Hence, to treat with tenderness, to give warmth, ease, or comfort to: “as Priam him did c., so did I Tarquin,” Lucr. 1546. “should have been --ed by her child-like duty,” Gentl. III, 1, 75. “he that --es my flesh and blood loves my flesh and blood,” All's I, 3, 51. “look to thy servants, c. thy guests,” H4A III, 3, 194. “the fox, who, ne'er so tame, so --ed and locked up,” V, 2, 10. “the better --ed, still the nearer death,” V, 2, 10 (the snake) “--ed in your breasts,” H6B III, 1, 344. “must gently be preserved, --ed and kept,” R3 II, 2, 119. “c. those hearts that hate thee,” H8 III, 2, 444. “I should kill thee with much --ing,” Rom.
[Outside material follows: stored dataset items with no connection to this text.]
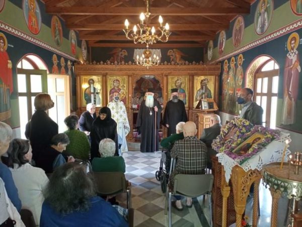 Κατόπιν, ο Σεβασμιώτατος επισκέφθηκε όλους τους φιλοξενούμενους στο Θεραπευτήριο, καθώς και τα παιδιά του Κέντρου “Ειδική Παιδεία”, τα οποία υποδέχτηκαν τον Σεβασμιώτατο τραγουδώντας.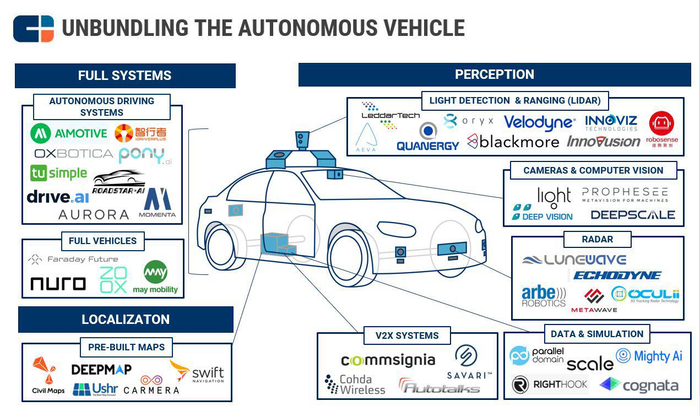 CB Insights拆解分析了实现无人驾驶的诸多技术,并介绍了有望让无人驾驶汽车更先进、更低成本、更容易扩展的几家初创公司。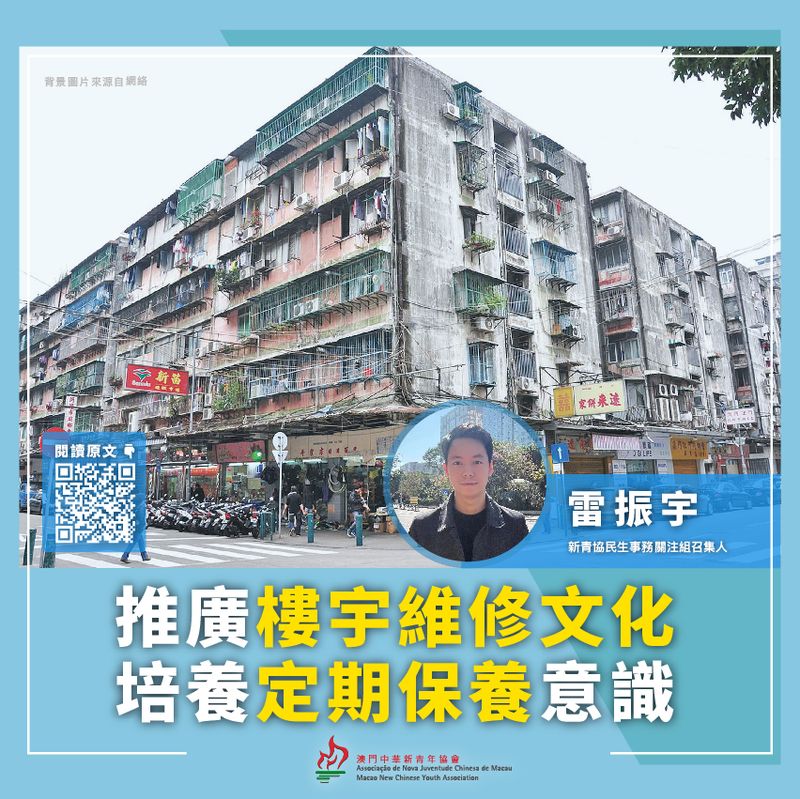 而外牆維修方面,可以借鑒香港市建局將試行的「小區規劃復修」模式,該計劃將向區內已經老化、有復修需要的樓宇業主提供財政資助和技術支援,除了協助進行樓宇復修外,還會研究協助業主為大廈外牆進行美化工程,鼓勵在進行大廈維修的同時,一併美化樓宇的外觀。澳門半島內不少老舊唐樓集中在旅遊區附近,這種模式除了可協助弱勢和積極性較低的業主修復樓宇殘破部分,延長建築物壽命,同時亦能美化市容及加強街道本土特色文化。

II, 2, 184. “better might we have loved without this mean, if this be not --ed,” Ant. III, 2, 33.
2) to treat in a manner to encourage growth, to foster, to nurse up: “to dry the old oak's sap and c. springs,” Lucr. 950. “what doth c. weeds but gentle air?” H6C II, 6, 21. “if thou dost love fair Hero, c. it,” Ado I, 1, 310. “killing that love which thou hast vowed to c.” Rom. III, 3, 129.
Hence == to promote, to support: “how you the purpose c. whiles thus you mock it,” Tp. II, 1, 224. “though you and all the rest so grossly led this juggling witchcraft with revenue c.” John III, 1, 169. “none so small advantage shall step forth to check his reign, but they will c. it,” III, 4, 152. “you that do abet him in this kind, c. rebellion and are rebels all,” R2 II, 3, 147. “swaying more upon our part than --ing the exhibiters against us,” H5 I, 1, 74. “and as we may, c. Duke Humphrey's deeds,” H6B I, 1, 203. “c. factions,” Tim. III, 5, 73.
3) to comfort, to encourage: “I leave to be, if I be not by her fair influence fostered, illumined, --ed, kept alive,” Gentl. III, 1, 184. “repair me with thy presence, Silvia; thou gentle nymph, c. thy forlorn swain,” V, 4, 12. “our crimes would despair, if they were not --ed by our virtues,” All's IV, 3, 86.